La coyuntura económica que atraviesa el país, que ha afectado las inversiones, el abastecimiento y la distribución de productos, también ha mermado la actividad de la industria publicitaria, particularmente en los últimos meses.

La necesidad de los anunciantes de promocionar sus marcas ha quedado en segundo plano, debido a que la competencia se ha ido reduciendo. El foco está más en producir y distribuir que en “vender”. Desde hace meses no se ven anuncios de vehículos u otros productos, y los medios de comunicación cada vez luchan más por conseguir quien invierta en cuñas.

Ibelise Álvarez, presidenta de la Federación Venezolana de Agencias de Publicidad (Fevap), afirma que se prescinde de la publicidad porque “se está excediendo la demanda y hay poca oferta”. La categoría de consumo masivo es la que se ha visto más afectada.

“Hay una gran recesión en la industria publicitaria”, afirma Antonio Bettencourt, presidente de la agencia transnacional Publicis, una de las más grandes de Venezuela, la cual facturó Bs 1.189 millones en 2013 y Bs 952 millones en 2012. Las cifras demuestran que sus ingresos netos aumentaron 20% de un año a otro, pero la inflación interanual fue de 56,2%, y les ganó la partida.

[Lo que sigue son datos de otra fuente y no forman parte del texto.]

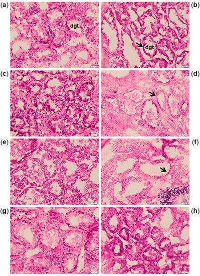 Haematoxylin–eosin staining on digestive gland tubules (dgt) of control mussels (a,c,e,g) and mussels exposed to Azadinium dexteroporum (b,d,f,h). The pictures are representative of samples from 7 (a,b), 14 (c,d) and 21 (e,f) days of exposure and 21 days of recovery (g,h). The black arrows indicate the thinned digestive tubules in exposed mussels. Magnification: 200×.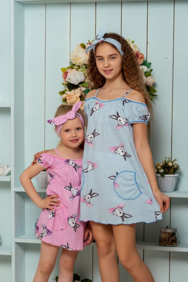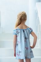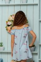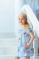 Платье детское летнее с двумя накладными кармашками на полочке. Свободного А-силуэта на тонких бретелях. По горловине и рукавам настрочена декоративная ажурная резинка. Все срезы в изделии обработаны декоративной краеобметочной строчкой.

Jorge González, gerente general de la agencia Deep, comenta que el mercado cambiario y la aplicación de la Lopcymat y la Lottt han sido causales también de la difícil situación que atraviesan sus clientes, afectando al negocio de la publicidad. “Hemos tenido que optar por la subcontratación para no tener costos de nómina fijos muy altos porque eso puede afectarnos, debido al bajo volumen de trabajo”, afirma.

La fuga de talento. A las complicaciones del entorno económico se suma la emigración profesional. “Hay éxodo de talento”, afirma Joe Torres, uno de los socios de la productora audiovisual Oficina 3.

Aunque el Instituto Nacional de Estadísticas (INE) no ofrece cifras sobre emigración, la Universidad Simón Bolívar (USB) estimó que en 2012 más de 1,2 millones de venezolanos calificados se encontraban ejerciendo en el exterior.

Hernán Jabes, director y socio de Factor RH Producciones, señala que la reducción de proyectos y de presupuestos conduce a que “profesionales y técnicos se marchen en busca de mercados más estables”.

La reinvención. En los últimos años las agencias han tenido que armar las estrategias de refrescamiento para sus clientes y para ellas mismas. “Buscamos los caminos para mantener las marcas vivas”, indica Álvarez.

Hoy, muchas agencias se han convertido en oficinas de comunicaciones integradas. El área digital es el que más crece porque permite una interacción directa con el consumidor y sus costos son muchos menores que los de la radio o la televisión, por ejemplo. La creación de videos virales, sorteos y trivias ha sido muy efectiva para las marcas.

Fuera de las fronteras. Las productoras audiovisuales han conseguido clientes foráneos gracias a que los costos de producción en Venezuela son menores que afuera, por el diferencial cambiario. Las agencias publicitarias del país también tienen proyectos con clientes extranjeros. Sin embargo, la inestabilidad social, política y económica, además de la inseguridad personal, alejan la inversión.

Proyecciones. Antonio Bettencourt indica que la situación “puede cambiar muy drásticamente si la economía del país cambia. Somos el espejo de lo que esté pasando en la economía”.

La creatividad y la habilidad de cómo seguir adelante en un ambiente hostil han caracterizado los últimos años de la industria publicitaria venezolana “Venezuela es un país noble, es fácil recuperarlo”, reflexiona Alonso.